Prying your eyes open, you see that you're in your living room. Apparently, you were too tired to make it all the way to your bedroom, so you just crashed on the couch, still wearing your shoes and Jeonghan's jacket. Your arm feels like lead as you try to lift it, peering at your watch: 12:16pm.
"Holy shit," you grumble as you hoist yourself up into a sitting position, your head pounding with a killer hangover. A few seconds later, Mina walks into the room.
"Jesus Christ, you're a mess," she tells you bluntly. "What the hell did you do last night?"
"Um, went to a shitty bar and saw a shitty band," you answer, rubbing your aching eyes. "Scratch that — two shitty bands."
"With your boyfriend, I assume?" she asks, glancing at the oversized leather jacket with its many pins and buttons.
"He's not my boyfriend," you mumble through a yawn, shimmying out of the jacket and neatly placing on the armrest next to you.
"Well, you knew who I was talking about without me even saying his name, soooo…"
"Shut uppp," you groan, flopping your tired head onto the back of the couch. With a pleased grin, she heads into the kitchen. You close your eyes, nodding off again, but soon you start to smell fresh coffee, and hear the sound of a sizzling skillet. A few minutes later, Mina returns, carrying a large mug of steaming coffee and a plate of fried eggs and pancakes.

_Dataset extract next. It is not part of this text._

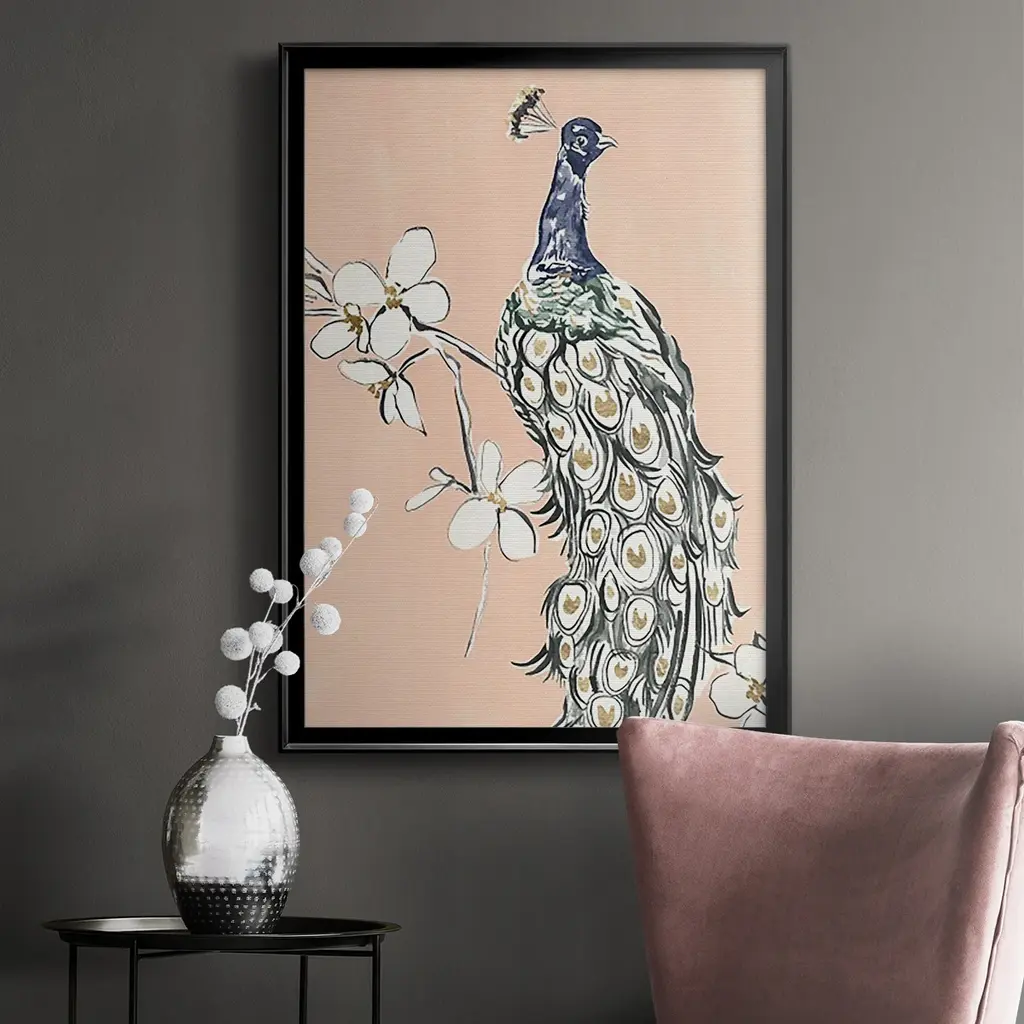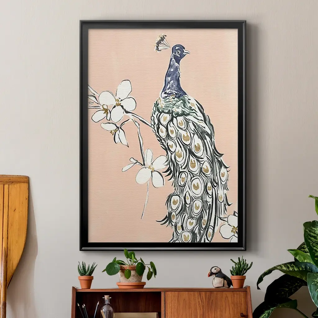 Peacock in Gold III Premium Framed Print - Ready to Hang A Premium Framed Print created to last. Framed in distressed wood and available in an array of sizes and colors Featuring a beveled a solid wood stretcher bar, each piece comes ready to hand 4 SIZES AVAILABLE 30.5''X42.5'' - Overall Size 26.5'X36.5'' - Overall Size 22.5''x30.5'' - Overall Size 18.5''x24.5'' - Overall Size Each piece is made to order. Each piece comes with hanging hardware. Made in the USA Ready to Hang
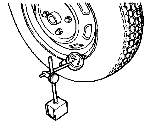 2. Set the probe of a dial indicator against the wheel, and measure the runout through one full revolution.

"Here, eat," she says firmly, setting the plate and mug in front of you on the coffee table.
"Thanks, Mina," you smile at her.
After devouring your breakfast, you hop in the shower, standing there under the hot stream of water for far too long — but, you feel a million times better afterward. You toss on some sweats and decide to work on some homework from your bed. After a surprisingly productive afternoon, make your way back to the kitchen to find some dinner. On your way there, you pass by the couch, spotting Jeonghan's jacket still laying there. You feel bad that you didn't remember to give it back last night — after all, this is quite literally his only jacket. You're figure you should just take it over to him after you eat dinner. But, you're pretty sure he mentioned that he was working tonight; and since it's getting late and campus is a closer walk for you anyway, you figure you'll just try and drop it off at the station.
Your walk to campus is eerily empty. You've never seen this few people around, but it is Saturday night, after all. Most people are probably either at home or partying off-campus by this point. You approach the Comms building, suddenly worried that the door might be locked at this hour; but its swings right open when you pull it, and you let yourself inside. You've only had a couple classes in this building before, so you're not familiar with its layout, and you realize you have no idea where the radio station is actually located. You're about to start wandering down the halls in a random direction when you spot a directory by the staircase. The station appears to be on the top floor, so you head up the stairs.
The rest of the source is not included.